TASK ITEM:
Once you have located the line containing "Olympus OM SYSTEM" in the material below, return it exactly along with each line after it through the line containing "手すりやつり革、ドアノブ、買".

SUPPLIED MATERIAL:
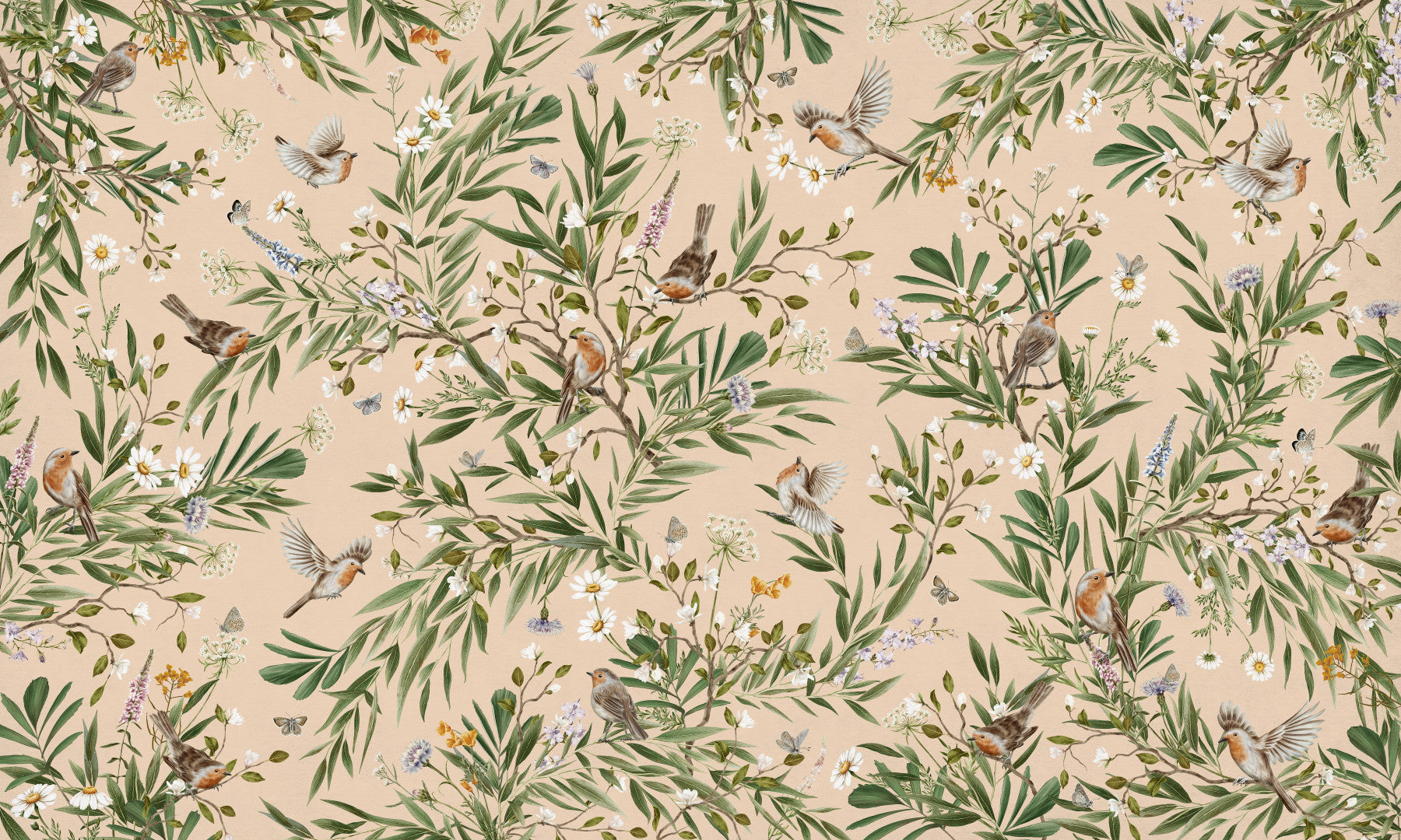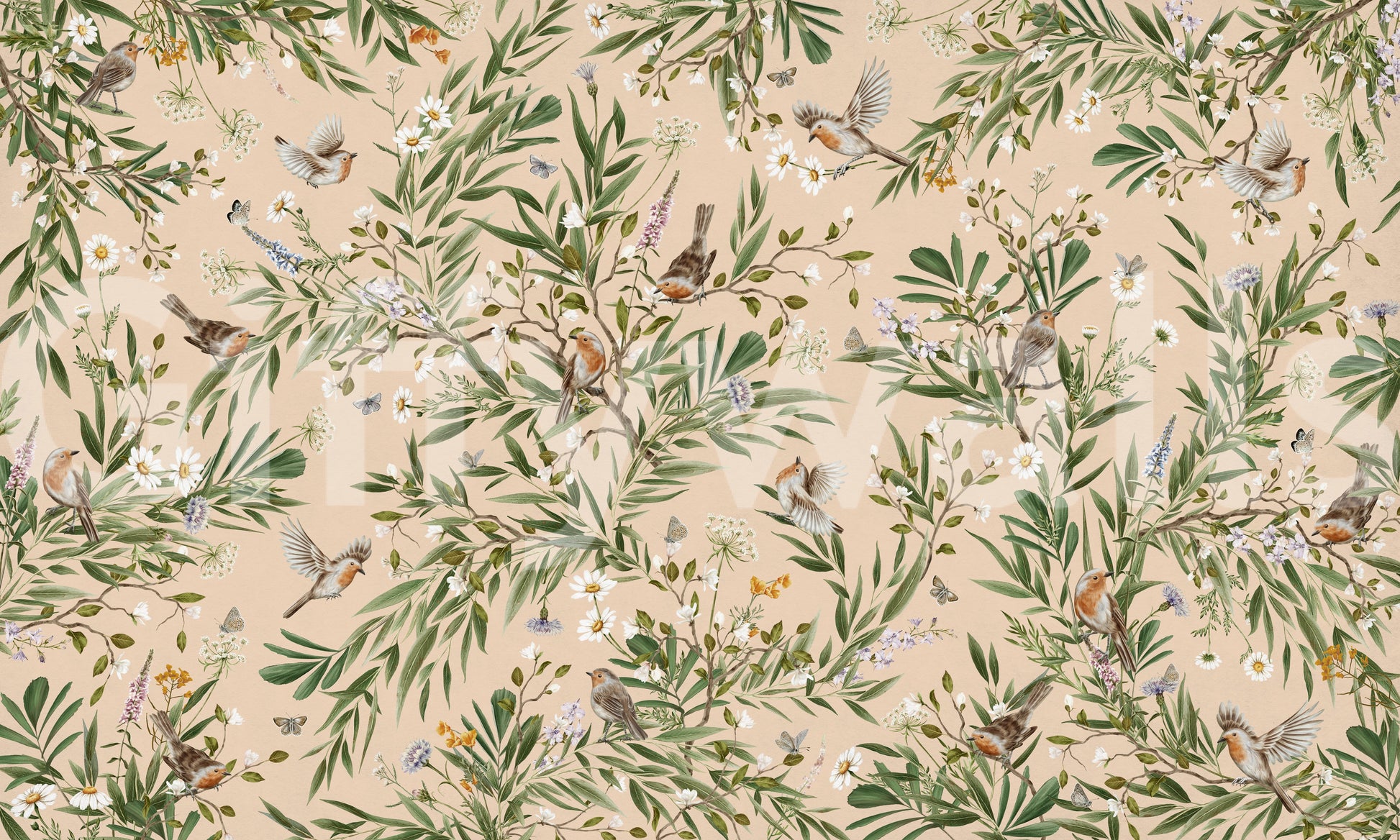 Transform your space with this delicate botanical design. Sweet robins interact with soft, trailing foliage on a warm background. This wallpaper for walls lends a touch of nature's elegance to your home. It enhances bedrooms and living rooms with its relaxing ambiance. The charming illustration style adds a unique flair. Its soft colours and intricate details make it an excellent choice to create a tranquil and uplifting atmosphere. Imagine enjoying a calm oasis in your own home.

* * *

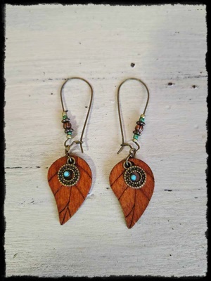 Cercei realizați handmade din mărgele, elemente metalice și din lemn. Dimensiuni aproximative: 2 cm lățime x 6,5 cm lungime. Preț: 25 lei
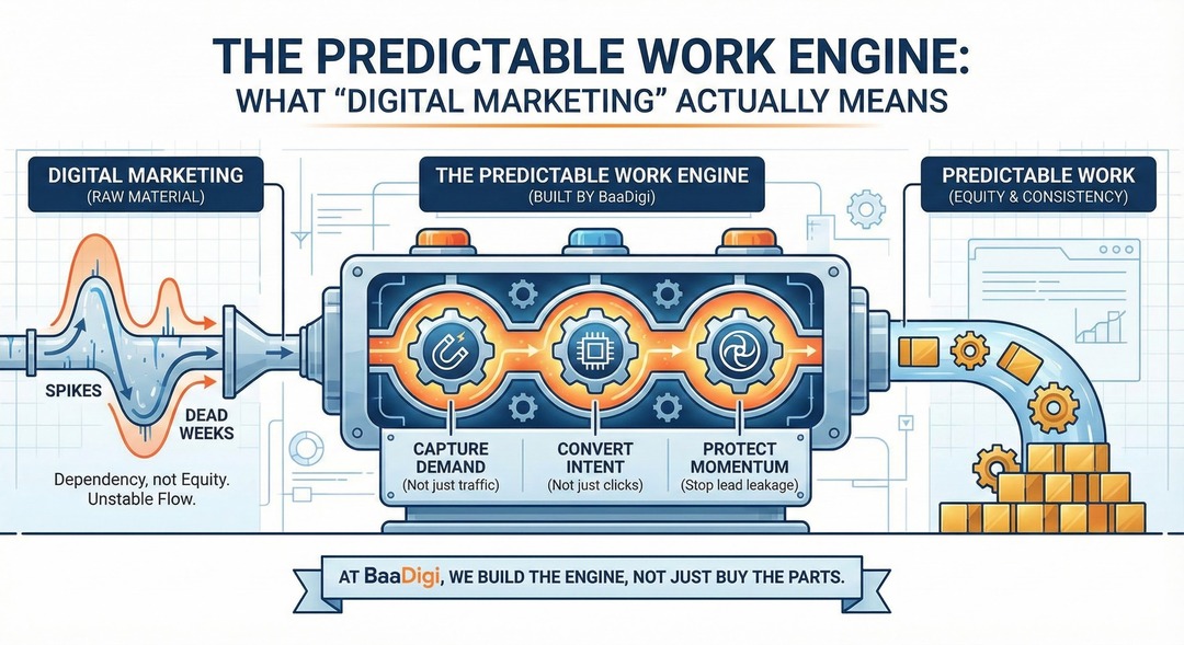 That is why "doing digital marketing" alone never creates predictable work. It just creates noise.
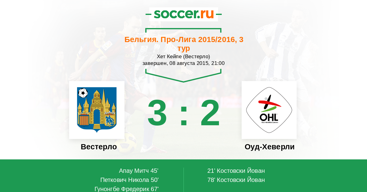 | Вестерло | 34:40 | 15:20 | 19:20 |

...

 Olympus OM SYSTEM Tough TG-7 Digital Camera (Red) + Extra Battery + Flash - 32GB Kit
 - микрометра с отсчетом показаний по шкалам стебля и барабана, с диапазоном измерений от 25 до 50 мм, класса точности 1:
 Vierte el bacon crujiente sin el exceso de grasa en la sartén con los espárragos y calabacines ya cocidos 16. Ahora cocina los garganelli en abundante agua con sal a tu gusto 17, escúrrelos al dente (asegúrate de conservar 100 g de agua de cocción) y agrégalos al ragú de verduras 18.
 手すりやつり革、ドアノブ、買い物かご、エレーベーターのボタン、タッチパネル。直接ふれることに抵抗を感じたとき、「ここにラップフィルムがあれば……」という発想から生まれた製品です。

YOUR SOLUTION:
 Olympus OM SYSTEM Tough TG-7 Digital Camera (Red) + Extra Battery + Flash - 32GB Kit
 - микрометра с отсчетом показаний по шкалам стебля и барабана, с диапазоном измерений от 25 до 50 мм, класса точности 1:
 Vierte el bacon crujiente sin el exceso de grasa en la sartén con los espárragos y calabacines ya cocidos 16. Ahora cocina los garganelli en abundante agua con sal a tu gusto 17, escúrrelos al dente (asegúrate de conservar 100 g de agua de cocción) y agrégalos al ragú de verduras 18.
 手すりやつり革、ドアノブ、買い物かご、エレーベーターのボタン、タッチパネル。直接ふれることに抵抗を感じたとき、「ここにラップフィルムがあれば……」という発想から生まれた製品です。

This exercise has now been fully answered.